My husband
made a shovel for gathering the ashes out of our wood stove in the
mornings. Before that we were using my son’s plastic beach shovel, but
hot coals and plastic, well . . .
He made the
scoop out of a tin can which, up until dinner time held creamed corn.
The handle was cut from an old wooden dowel, something I salvaged from a broken
roller blind left here by the previous owner.
We spent a
few minutes laughing about the shovel the other night after the kids were in bed. I asked if we could hide it when company
comes, he said he might write Heloise with the idea.
The other
day one of the older kids asked what the word “scrappy” meant and I
was at a loss. That night, had they asked, I could’ve held up that
shovel. John and I have always been scrappy, trying time and again to
turn a sow’s ear into a silk purse.
There was a time in our country where the ability to scrape things together
from scratch was seen as something like a virtue or at least a great
asset. I think of my Grandmother’s drawer of lightly-used tin foil, the
balls of saved rubber bands and I remember learning to darn socks with her, using
careful stitches and an old wooden heel form.
These days,
though, there seems to be a bit of shame that lingers around both the need and
ability to scrape things together – or is it just me who feels the shame of not
enough?
We can’t
afford to buy a shovel and we’re keeping the ashes in old tin coffee cans donated
from my husband’s co-worker. Firewood sits in a plastic five gallon
bucket near the stove.
I guess, if
we had the money, we’d pull up amazon and order one of those fancy fireplace
sets, all of the manufactured tools to do the job right and look good
too. Or maybe we wouldn’t.
The Merriam
Webster online dictionary tells me scrappy, as an adjective, can mean
1.
consisting of scraps (as in that shovel my husband made) or
2. having an
aggressive and determined spirit
I don’t typically think of myself as aggressive and it would be the last word anyone would use to describe my husband, but somehow, that second definition seems to fit and I like it.
What do you think? Are you scrappy? If so, are you proud of it or embarrassed?
Ironic that you wrote about this on the day that I began cleaning out my parents' house. My dad was the ultimate in scrappy. 🙂 He saved everything to be reused, and he actually DID reuse many things. Everything was fixable. I'm not as scrappy as he was, but I do value the quality. Thanks for sharing this, Kelly. It made me smile when I needed it.
Oh, that makes me happy, Lisa. We use a LOT of what we save too, but there also comes a time and a freedom in clearing out.
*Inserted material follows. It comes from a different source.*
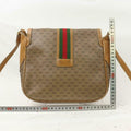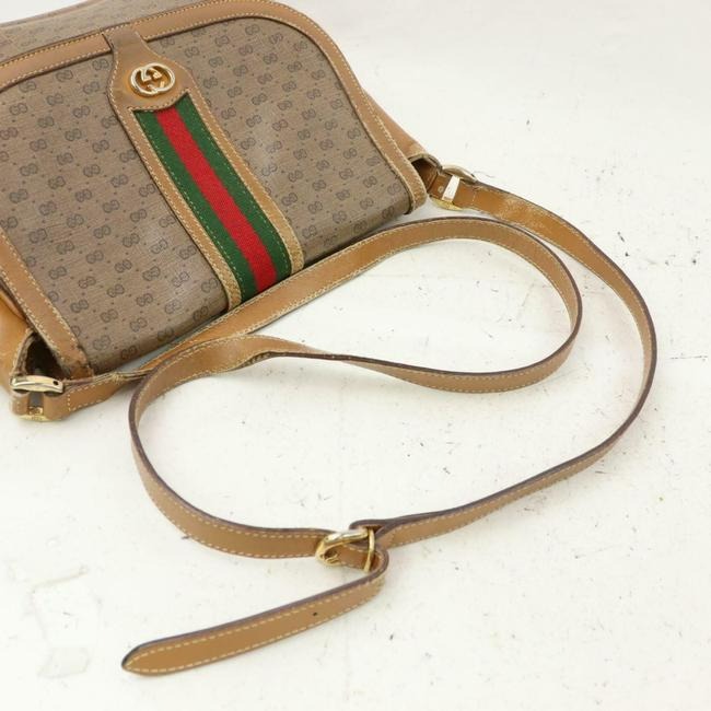 For sale is a vintage, Gucci, Sherry Line cross body/shoulder bag made of brown micro guccissima print on camel coated canvas with camel leather and red and green Sherry stripe with an envelope flap top, gold hardware and a longer strap! This is a great looking, classic purse from Gucci with a timeless style!

Definitely scrappy! For years our wood was piled up beside the fireplace, behind the fire gates (old garden gates that doubled as a protective device to keep small children away from the fire, and a washing drier), until our kids were old enough not to need protection from the fire anymore, the fire gates got taken down and my husband built a woodbox outside. Which means that finally I don't have to sweep up bits of sheep poo that have come inside with the wheelbarrow full of wood!
Excellent! I hereby honor your scrappy spirit, Donna 🙂
Kelly, I think we would qualify as 'scrappy' my husband and I, for sure. I remember a saying from the 40's (via my mother in law), "Use it up, wear it out, make it do, or do without."
I like to think of it as being resourceful. But God always has beautiful surprises for me along the way, as well, and sometimes gives me a new 'tool' for the fireplace (figuratively.)
Oblique~ sorry.
I like your spirit~
I hear you, Jody. I was going to get into all of that, how scrappiness itself can be a source of false pride (or an idol) but I decided to keep it light. Sometimes, in the context we live in, it just makes more sense to let things go. I think the difference for my husband and I comes in whether we're enjoying resourcefulness and using it to spark creativity or just doing it because we're being cheap! Thanks so much for commenting.
I feel like the men in my family are capable of inventing anything from nothing–almost a sort of Macgyver thing–and that's never looked down on. It's seen as creative because they are making something that they don't want to pay for. But if you make something because you have nothing, people see it as trashy. I've been called trashy. It's awful. The preoccupation with things, especially new things, is overwhelming and awful, in my opinion.